Monitoring our APIs

filipefurtado · September 10, 2023, 7:38pm

What’s the problem

We currently don’t have an automated process to track API changes: if code changes and the corresponding specs are updated (i.e., green build) we may end up shipping changes which can break integrations.

Some background

We’ve had some unnoticed changes on endpoints which were not announced to instance managers. This was discussed this on the latest delivey-circle meeting, which followed-up on recent v0-integration outages, which happened here and here.

First measure

The first agreed change, was to better flag API changes, within the release process. This was done here, and introduces a dedicated secion when creating PRs, so that we can automatically generate release notes and timely signal these changes.

How to automate?

We’ve discussed briefly on how to automate and monitor these changes, on the unsupported v0, but also for the v1 and DFC APIs.

Two main ideas came about:

i) @maikel proposed to have a script which screens for spec changes, when drafting releases. This way, even if a developer forgets to signal a PR as API-changing, the script could catch it, and signal this to the release manger, which would in turn signal this to instance managers. This would happen before the release is deployed into production.

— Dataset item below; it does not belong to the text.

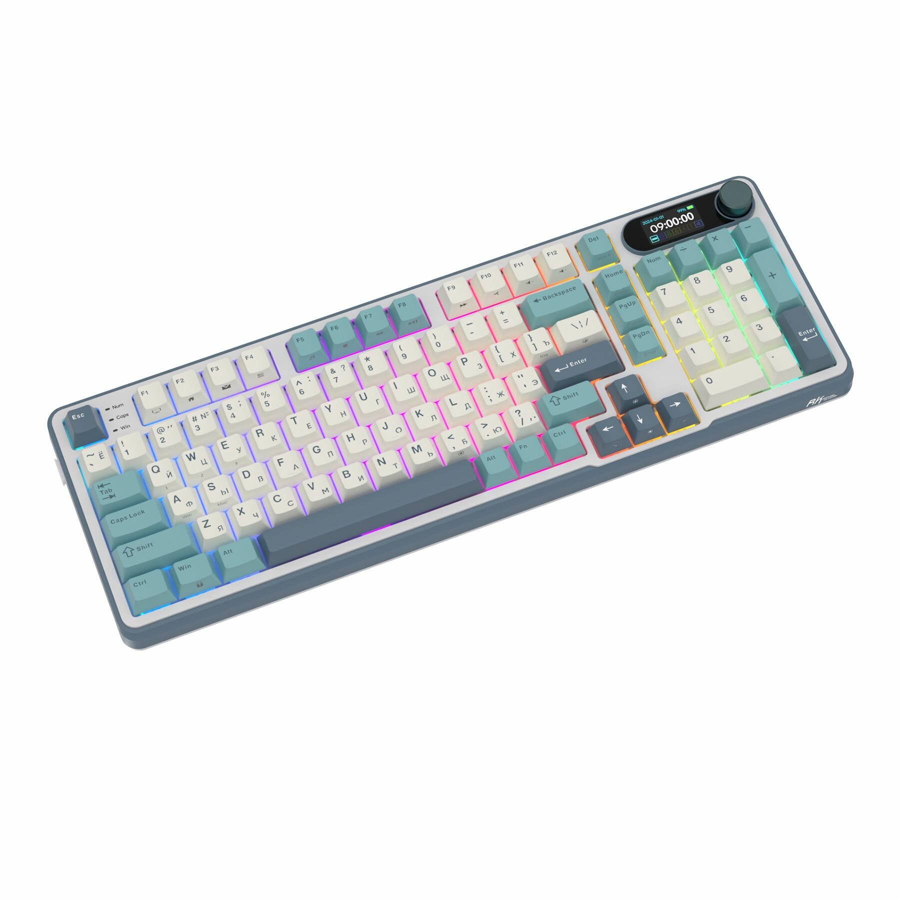 Беспроводная механическая клавиатура Royal Kludge RK-S98 (96%) цвет Ocean Blue, RGB, Hot Swap, кейкапы без подсветки символов, линейные свитчи (RK Cream)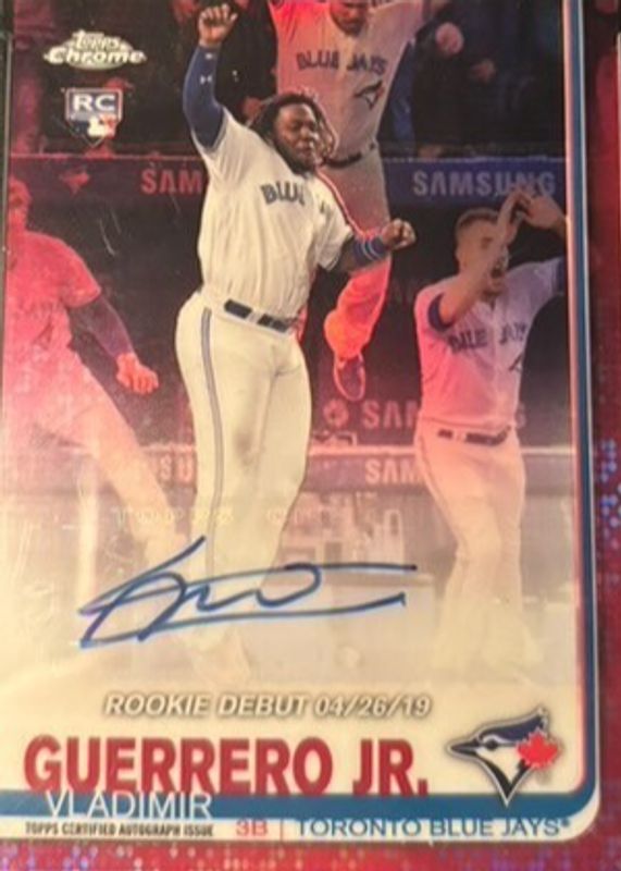 The Vladimir Guerrero Jr. 2019 Topps Chrome Update #RDA-VG Rookie Debut Autographs - Red Refractor /5 card in Raw condition has not changed in price in the last 30 days.

ii) @lin_d_hop proposed to use Postman or some other tool to assess which endpoints are used the most, and have a process for actively monitoring endpoints. This could happen either at staging (before), or at production servers (after deployment into production).

On proposal ii)
I’ve had an exploration of Postman to monitor a given endpoint, and found that:

it’s fairly easy to set up monitors, which make real requests and check for payloads with a Javascript test. As a proof of concept, one can see that the endpoint monitoring goes from green to red, when different releases are staged, on a staging server.
monitors can be set up in collections which can (as far as I understood) be ran as part of a GitHub Action (by using Newman, a CLI tool to run Postman collections) - I have not tried this
we’re currently on the process to replace Datadog with New Relic. It seems possible to integrate Postman API monitoring with New Relic. It could be a nice to have, to see all monitoring in one place. I have not tried this either.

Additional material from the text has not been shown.